At the rear of the car, what sets this body apart from its predecessors and successors begins. A fairly inclined rear slope of the roof forms a huge rear glass, through which an incredible amount of light should enter. And it’s not just for show, as the rear side windows are much smaller than they should be in similar cars. The lower glass line in the rear rises, as if emphasizing the musculature that this car should have around the rear fenders. This approach is good when, due to excessive power, it is necessary to fit wide tires at the back and puff up the rear arches. I’m sure you understand what I mean.
The taillights are also made in the popular style of that time – individual vertical rectangular segments housed in a single unit, each responsible for different functions and having the corresponding color. The sections themselves are also separated by chrome, which increased the overall length of the taillight but continued the trend of the massive fillet part.

Why all of this for a business-class sedan? Firstly, it’s all about image! As one advertisement once declared, “thirst is nothing, image is everything.” And the Cedric of this generation stood out in that aspect. If we’re being honest, it’s perhaps the most unique generation. In October 1977, the millionth Cedric rolled off the assembly line! And that’s, I hasten to remind you, within just 17 years of the model’s existence. But that’s not all.

For powertrain options, there were seven engines that could be installed. However, there were no V6 engines – only inline-six and modest inline-four engines. There were four gasoline engines with displacements of 2.0, 2.4, 2.6, and 2.8 liters, two diesel engines at 2.2 liters and an unusual engine for the time, the H20 – a two-liter, four-cylinder engine capable of running on liquefied petroleum gas from the factory. The Japanese made a concerted effort to reduce harmful emissions, so such experiments were encouraged by the government. These cars, along with the diesel variants, were popular among taxi drivers and further impacted the sales of the Crown. In 1976, the company even upgraded all their engines to reduce exhaust emissions. The improved lineup was called Nissan NAPS, which you can see on the trunk lid badge.
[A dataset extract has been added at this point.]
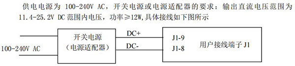 交流電源供電連接方法:供電電源為 100-240V AC,開關電源或電源適配器的要求:輸出直流電壓范圍為11.4-25.2V DC 范圍內電壓,功率≥12W,具體接線如下圖所示:
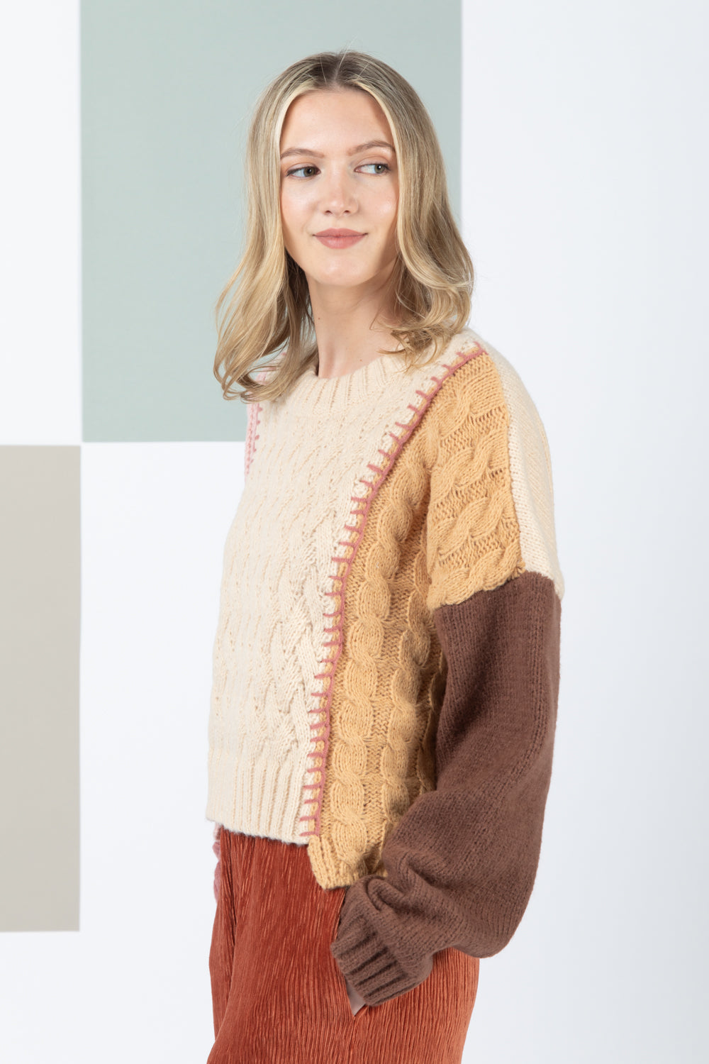 Casual colorblock knit sweater top featuring drop shoulders, blanket stitch detailing, and round neckline.

The interior of the car is a showcase of luxury and elegance, with fewer traditional Japanese nuances. In this sense, the abundance of metal accents in the upholstery added a sense of innovation and a nearly unique style to the car. Seats and door trim in leather? What strange tastes the owner must have, as velour doesn’t heat up as much in the sun. The Mustang-inspired steering wheel (a similar design was also used in the Fairlady, for example) emphasized the driver-centric nature of the car. Of course, there was state-of-the-art equipment, depending on the trim level. If you were willing to pay, rear passengers even had the ability to control the radio. In addition to taxi and personal transportation, you could find yourself in this car if you either worked in the police force or became the object of their interest – these cars were also procured for the needs of law enforcement.

The task was simple but partially achievable: to create a business-class car for the young. The world was changing and so were the consumer habits of the Japanese – that’s how Nissan’s bosses reasoned. And overall, they guessed right, considering that the Skyline C110 and C210, produced at the time, had a distinctly sporty character. However, the updated car, with the index 430, brought the design and orientation of the model back to its roots – but that’s a whole different story.